Some time ago I came across an article on some testing done on high throughput openvpn. I think this may have been it. https://community.openvpn.net/openvpn/wiki/Gigabit_Networks_Linux

johnpoz

"For a LAN-based setup this can work, but when handling various types of remote users (road warriors, cable modem users, etc) this is not always a possibility. "

So this is a LAN based setup?

cosmoxl

@johnpoz:

"For a LAN-based setup this can work, but when handling various types of remote users (road warriors, cable modem users, etc) this is not always a possibility. "

So this is a LAN based setup?

no, but in the testing I've done I have seen some small improvement in performance with that setting.

Anyway, this is getting off topic.

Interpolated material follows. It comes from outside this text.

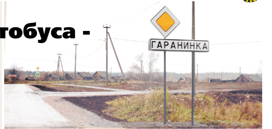
Гаранинская администрация и конечная остановка автобуса - Гаранинка

As I've tried to reiterate, this setting I've used for quite some time. It doesn't cause the problem nor does its removal fix the problem.

johnpoz

src 127.0.0.1 doesn't seem right.. Shouldn't the source be the be Your IP on this side of the tunnel..

cosmoxl

@johnpoz:

src 127.0.0.1 doesn't seem right.. Shouldn't the source be the be Your IP on this side of the tunnel..

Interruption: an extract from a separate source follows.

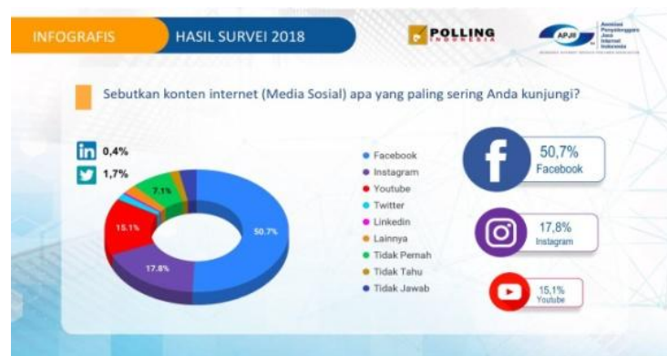
Gambar 2 Hasil Survei 2018-pengguna internet indonesia

Berdasarkan gambar di atas, menunjukkan bahwa penetrasi pengguna internet pada tahun 2018 sebanyak 171,17 juta jiwa dari total populasi penduduk Indonesia 264,16 juta orang. Dimana penggunaan internet sebanyak 64,8% pada tahun 2018. Remaja saat ini lebih memilih berbelanja menggunakan media sosial dengan alasan simple, hanya mengklik kemudian transfer lalu barang akan datang sendiri ke rumah. Salah satu media sosial yang saat ini sangat diminati adalah Instagram. Hal tersebut dapat di lihat pada tahun 2018 Berdasarkan hasil studi Polling Indonesia yang bekerja sama dengan Asosiasi Penyelenggara Jasa Internet Indonesia (APJII) di 2018 yang dapat di lihat pada gambar berikut ini:

That is from the command line of the firewall which has a NAT rule to access all VPN tunnels. This should simulate what gateway monitoring does, right?

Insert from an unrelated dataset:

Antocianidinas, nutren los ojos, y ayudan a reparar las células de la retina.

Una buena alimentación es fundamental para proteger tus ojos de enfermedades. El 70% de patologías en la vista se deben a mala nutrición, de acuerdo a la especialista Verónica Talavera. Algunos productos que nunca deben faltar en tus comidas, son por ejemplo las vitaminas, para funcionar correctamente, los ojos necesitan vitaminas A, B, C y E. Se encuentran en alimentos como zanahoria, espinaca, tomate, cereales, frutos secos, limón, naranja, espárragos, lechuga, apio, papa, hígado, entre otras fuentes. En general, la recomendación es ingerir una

The NAT outbound rules allow the firewall, 127.0.0.0/8, out to each VPN interface.

Just for testing purposes I made all those NAT rules as "this firewall" out to each interface, instead of 127.0.0.0/8

The same problem persists.

As soon as I even enable the gateway (system_gateways.php) of another openvpn client (I didn't even start the tunnel), I'm suddenly unable to ping the other side of the VPN tunnel that's already up.

ovpnc1: flags=8051 <up,pointopoint,running,multicast>metric 0 mtu 20000
        options=80000 <linkstate>inet6 fe80::dacb:8aff:fe70:1374%ovpnc1 prefixlen 64 scopeid 0x7
        inet 10.30.0.13 --> 10.30.0.1  netmask 0xffff0000
        nd6 options=21 <performnud,auto_linklocal>groups: tun openvpn
        Opened by PID 86920
[2.4.0-BETA][removed]/root: ping 10.30.0.1
PING 10.30.0.1 (10.30.0.1): 56 data bytes
64 bytes from 10.30.0.1: icmp_seq=0 ttl=64 time=21.782 ms
64 bytes from 10.30.0.1: icmp_seq=1 ttl=64 time=21.251 ms
^C
--- 10.30.0.1 ping statistics ---
2 packets transmitted, 2 packets received, 0.0% packet loss
round-trip min/avg/max/stddev = 21.251/21.517/21.782/0.266 ms
[2.4.0-BETA][removed]/root: ping 10.30.0.1
PING 10.30.0.1 (10.30.0.1): 56 data bytes
36 bytes from localhost (127.0.0.1): Time to live exceeded
Vr HL TOS  Len   ID Flg  off TTL Pro  cks      Src      Dst
 4  5  00 0054 781b   0 0000  01  01 0000 127.0.0.1  10.30.0.1

36 bytes from localhost (127.0.0.1): Time to live exceeded
Vr HL TOS  Len   ID Flg  off TTL Pro  cks      Src      Dst
 4  5  00 0054 631d   0 0000  01  01 0000 127.0.0.1  10.30.0.1</performnud,auto_linklocal></linkstate></up,pointopoint,running,multicast>

cosmoxl

I went back to 2.3.4p1 and I have no more problems. Also please remember I didn't have problems for several days on 2.4. One of the 2.4 updates broke things. I hope it can be found and fixed.